WORK ITEM: Take the listing below and output it exactly, with no images.
╭─ SUPPLIED ENTRIES
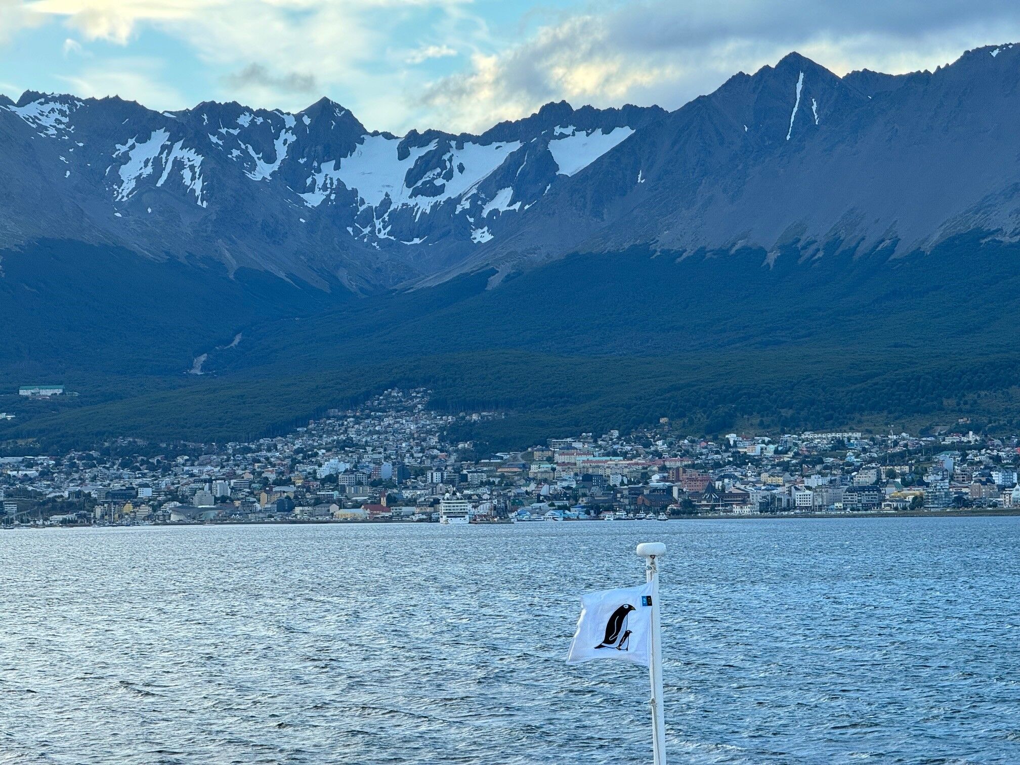 This morning there is once again water as far as the eye can see, and the Drake Passage has not lived up to its intimidating reputation. The sun came out in glorious form and we watched it paint the tops of the waves with orange light. Land Ho! South America has been spotted. Soon the green covered hills of Tierra Del Fuego were clearly seen. Gone are the ice-covered hills, the glaciers, and tabular icebergs. Before us are trees, sea birds, and hints of a town. Black-browed albatross and blue-eyed shags guide us toward the tip of South America as if to help us transition from the life we have lived these past weeks back to the lives we previously knew. How to share what we just experienced with those we love who have not been a part of it is a quandary we all face. How many of our photos do we share to convey the magic? Will anyone honestly understand how we felt being there? Will anyone notice that we have been deeply changed by this past month in Antarctica? And the question that we all ask ourselves, will we be able to keep this experience close to our hearts? “Dolphin!”, someone cries out. Our inner thoughts disappear as Peale’s dolphins bow ride our ship. Then the blows of sei whales are seen and we spend the rest of the afternoon watching their sharp dorsal fins cut the surface of the sea. The ship moves on as life moves on. Our trip is coming to an end. The Beagle channel opens its arms and welcomes us back. Fair winds and following seas fellow travelers.
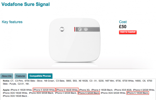The UK iPhone carrier vodaphone has leaked that the iPhone 5 might only be a 16/32GB capable device. The image you see above comes from the Vodaphone showing off a sort of MIFi type device and showing the compatible devices showing the current iPhone 4 models. That isn’t the thing though the site states the MIFi like device is compatible with the iPhone 5 white/black and 16/32GB. There is nothing saying there is a higher storage. So at least we will get a white iPhone 5 from the launch but we might have to wait another year for a 64Gb iPhone. Hey maybe Apple will surprise us during the music event with a 64Gb model! Never know.
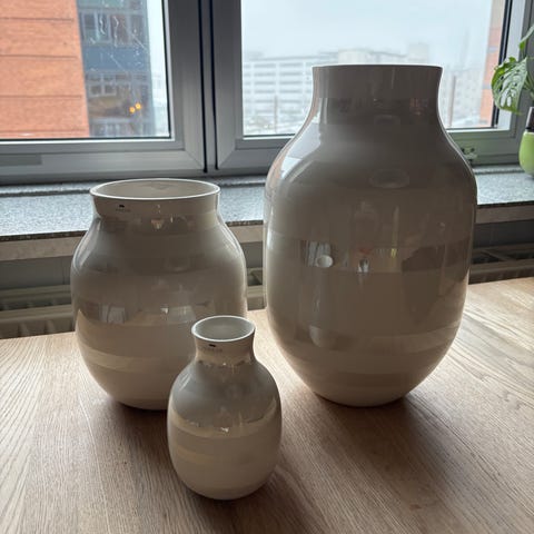 Kähler Omaggio vaser i miniature, 3-pak i farven perlemor. Aldrig brugt, stadig i emballage. Kommer fra røgfrit hjem.
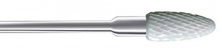 Denture croisée avec un pouvoir abrasif élevé. Pour le fraisage des ongles épais, de leur contour et des ongles mycosés.
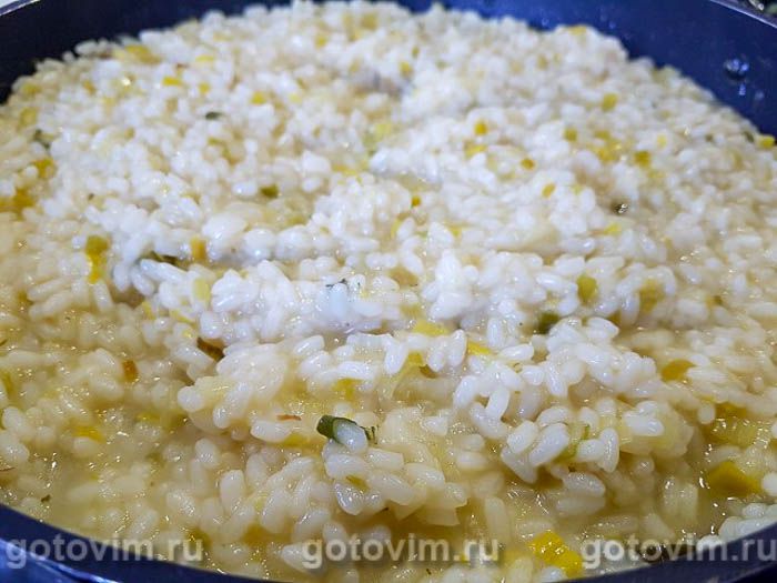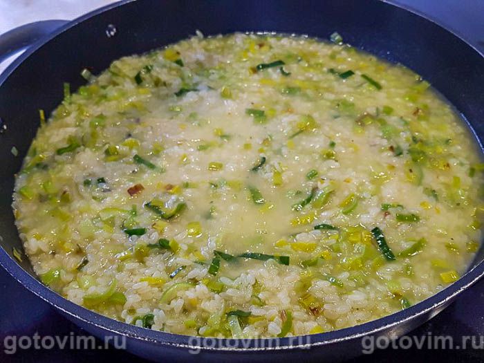 Ризотто с луком пореем Ризотто готовить совсем не сложно, если выбрать нужный сорт риса и соблюдать правила. Для этого блюда выбирают рис сорта арборио. Именно из него получается ризотто кремообразной консистенции. Лук-порей (белую и частично зеленую часть стебля) нарезают довольно мелко, чтобы он практически растворился в готовом ризотто.
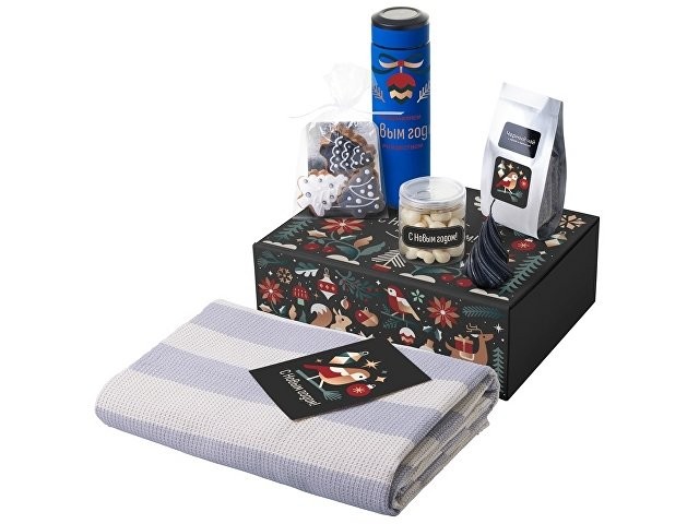 Подарочный набор c пледом, термосом, свечой и миндалем, синий
╰─
TASK SOLUTION:
 This morning there is once again water as far as the eye can see, and the Drake Passage has not lived up to its intimidating reputation. The sun came out in glorious form and we watched it paint the tops of the waves with orange light. Land Ho! South America has been spotted. Soon the green covered hills of Tierra Del Fuego were clearly seen. Gone are the ice-covered hills, the glaciers, and tabular icebergs. Before us are trees, sea birds, and hints of a town. Black-browed albatross and blue-eyed shags guide us toward the tip of South America as if to help us transition from the life we have lived these past weeks back to the lives we previously knew. How to share what we just experienced with those we love who have not been a part of it is a quandary we all face. How many of our photos do we share to convey the magic? Will anyone honestly understand how we felt being there? Will anyone notice that we have been deeply changed by this past month in Antarctica? And the question that we all ask ourselves, will we be able to keep this experience close to our hearts? “Dolphin!”, someone cries out. Our inner thoughts disappear as Peale’s dolphins bow ride our ship. Then the blows of sei whales are seen and we spend the rest of the afternoon watching their sharp dorsal fins cut the surface of the sea. The ship moves on as life moves on. Our trip is coming to an end. The Beagle channel opens its arms and welcomes us back. Fair winds and following seas fellow travelers.
The UK iPhone carrier vodaphone has leaked that the iPhone 5 might only be a 16/32GB capable device. The image you see above comes from the Vodaphone showing off a sort of MIFi type device and showing the compatible devices showing the current iPhone 4 models. That isn’t the thing though the site states the MIFi like device is compatible with the iPhone 5 white/black and 16/32GB. There is nothing saying there is a higher storage. So at least we will get a white iPhone 5 from the launch but we might have to wait another year for a 64Gb iPhone. Hey maybe Apple will surprise us during the music event with a 64Gb model! Never know.
 Kähler Omaggio vaser i miniature, 3-pak i farven perlemor. Aldrig brugt, stadig i emballage. Kommer fra røgfrit hjem.
 Denture croisée avec un pouvoir abrasif élevé. Pour le fraisage des ongles épais, de leur contour et des ongles mycosés.
 Ризотто с луком пореем Ризотто готовить совсем не сложно, если выбрать нужный сорт риса и соблюдать правила. Для этого блюда выбирают рис сорта арборио. Именно из него получается ризотто кремообразной консистенции. Лук-порей (белую и частично зеленую часть стебля) нарезают довольно мелко, чтобы он практически растворился в готовом ризотто.
 Подарочный набор c пледом, термосом, свечой и миндалем, синий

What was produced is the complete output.